Anachroniques de Aicha Filali Banniere

Aïcha Filali, artiste à l'humour décapant, fouille dans les poubelles de l'actualité, décortique, biaise et dénonce, dans ses «ana-chroniques» de la transition démocratique.

Par Anouar Hnaïne

Les artistes ou du moins les meilleurs d'entre eux se posent la question qui tracasse leur esprit: et que faire aujourd'hui? Travailler est évidemment la réponse. Travailler oui, mais quoi et comment? Comme ils sont confinés dans un style, un genre, une école, une tendance, un style..., cette marque d'usine les classe dans un genre, une école, etc. Ils sont souvent appelés à se répéter. Problème.

De la figuration narrative

Aïcha Filali semble échapper à cette catégorie : elle travaille par thème sur des sujets apparemment ordinaires. Ses expos portent des titres et s'attaquent à un phénomène de société : ''Valises'', ''Chbabik ou atib'', ''Kollohom Blaik'', ''Zapping'' (critiques des médias), etc.

Elle revient avec l'actuelle exposition, plus divertissante, inventive que jamais, dans ses bagages des œuvres truculentes, dignes d'un cabinet de curiosités.

Sbabet de Aicha Filali

Impressionnant... Cette exposition, avec ses airs ludiques et anecdotiques, réunit toutes les pièces, détails compris, d'un dossier qui a fait couler beaucoup d'encre : la transition démocratique.

Le travail, les efforts, sont visibles sur ces œuvres, Aïcha s'y est investie corps, âme et esprit. Et qu'y voit-on? Des miniatures anciennes, persanes, indiennes ou arabes, des scènes de genre, des personnages, pleins d'objets usuels, collés les uns aux côtés des autres. Il y a là une rupture avec la grammaire de la peinture, absence de plans, de perspectives, de gradations, de force de couleurs, de tons, etc.

Art critique, politique, militant? Comme l'époque veut qu'on classifie les artistes dans un genre, dans une école... à la lumière de ces travaux anciens et des 33 planches exposées actuellement à la galerie Ammar Farhat à Sidi Bou Saïd, on peut rapprocher ou même qualifier le travail de Aïcha Filali de figuration narrative.

Katous de Aicha Filali

Une photographie de notre société

La braise de la révolution éteinte, la Troïka (ex-coalition gouvernementale dominée par le parti islamiste Ennahdha) est au pouvoir, un goût de cendre vole dans l'air. Malaise dans la société civile, les islamo-salafistes passent aux violences physiques, incendies de mausolées, attaques de cinéma, d'espace d'art, etc.

Beaucoup d'artistes se sont retirés de la scène (que faire en temps de changement social radical?), d'autres se sont curieusement convertis en acteurs militants, dogmatiques ou opportunistes, montrant des travaux «tracts et slogans».

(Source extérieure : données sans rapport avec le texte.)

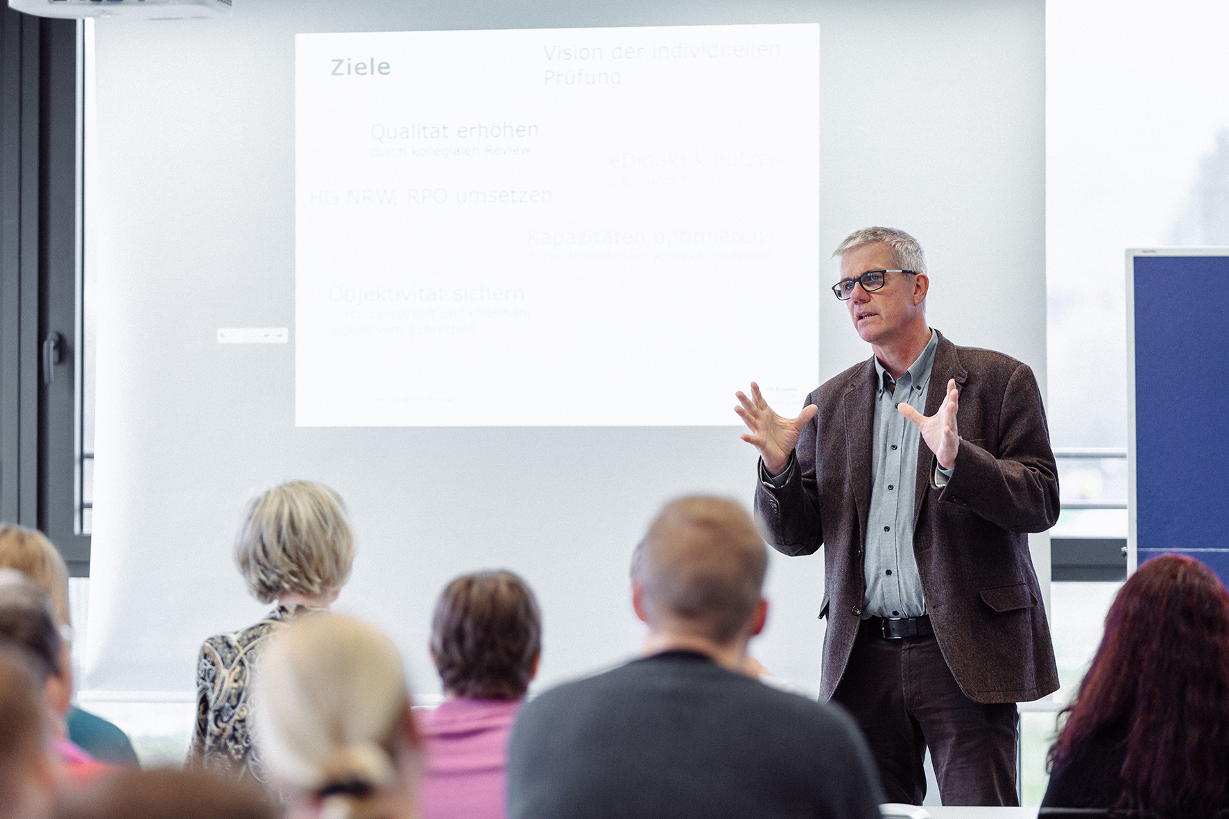 Das nachfolgende Konferenzprogramm war der Vorstellung und Diskussion von guten Beispielen aus der Lehrpraxis an der FH Bielefeld gewidmet. Die Themen reichten von E-Learning in der Schreibdidaktik über den Einsatz von LearningTools bis zu elektronischen Prüfungen und Game Making in der Programmierausbildung bis hin zu Storyboarding als didaktischem Planungsinstrument für die Erstellung von eLearning-Medien. Workshopleiter Prof. Dr. Hans Brandt-Pook resümiert: „Es ist möglicherweise ein guter Einstieg, Lehr-Lernszenarien eins zu eins aus dem Analogen in digitale Kontexte zu übernehmen. Für die Entwicklung digitaler Lehrformate bedarf es aber vor allem neuer Konzepte.“ Die Teilnehmenden nutzten die Gelegenheit, Anregungen für die eigene Lehrpraxis mitzunehmen, sich zu vernetzen und miteinander ins Gespräch zu kommen.

D'autres ont résisté, rompant avec l'héritage artistique, créant des formes de lutte contemporaines et combatives.
Les journalistes dénoncent, les penseurs réfléchissent, les chroniqueurs chroniquent.

Pendant ce temps, Aïcha Filali, artiste contemporaine à l'humour décapant, se nourrit de la multitude des gestes, des actes, des turpitudes et de la crapulerie de la classe politique. En fourmi besogneuse, elle prépare ses ana-chroniques, compilant les documents, découpant dans les journaux, triant dans les photos et les magazines, sélectionnant les textes et les slogans. Elle pense, guette les faits anodins, les objets, les moindres détails, les incidents, les péripéties et les grands destins de l'histoire de cette transition.

Ana-chronique de Aicha Filali

En feux d'artifices

Au final, elle propose 33 planches comme un feu d'artifice, colorées, minutieusement élaborées, étoilées de proverbes, d'adages et d'anecdotes populaires. Cela s'appelle «Thawra», «Hammam», «Elections», «Mont Châambi», «Tourisme», «Doustour», «Université de la Manouba», etc. Où l'on voit que l'artiste est non seulement au fait de tout ce qui se déroule dans le pays, mais elle fouille dans les poubelles de l'actualité, décortique, creuse, biaise et dénonce. Personnages, lieux, bâtiments et objets, tout ce qui pouvait faire sens est intégré.

Un travail de patience, long et réfléchi, composé de photomontages, de scènes hétérogènes, éclatées, de miniatures et autres images cocasses. Une exposition sur nos mœurs et nos travers? Pas que ça, excitante, elle nous arrache des rires ou des sourires et nous insuffle des doses de joie. Allez découvrir.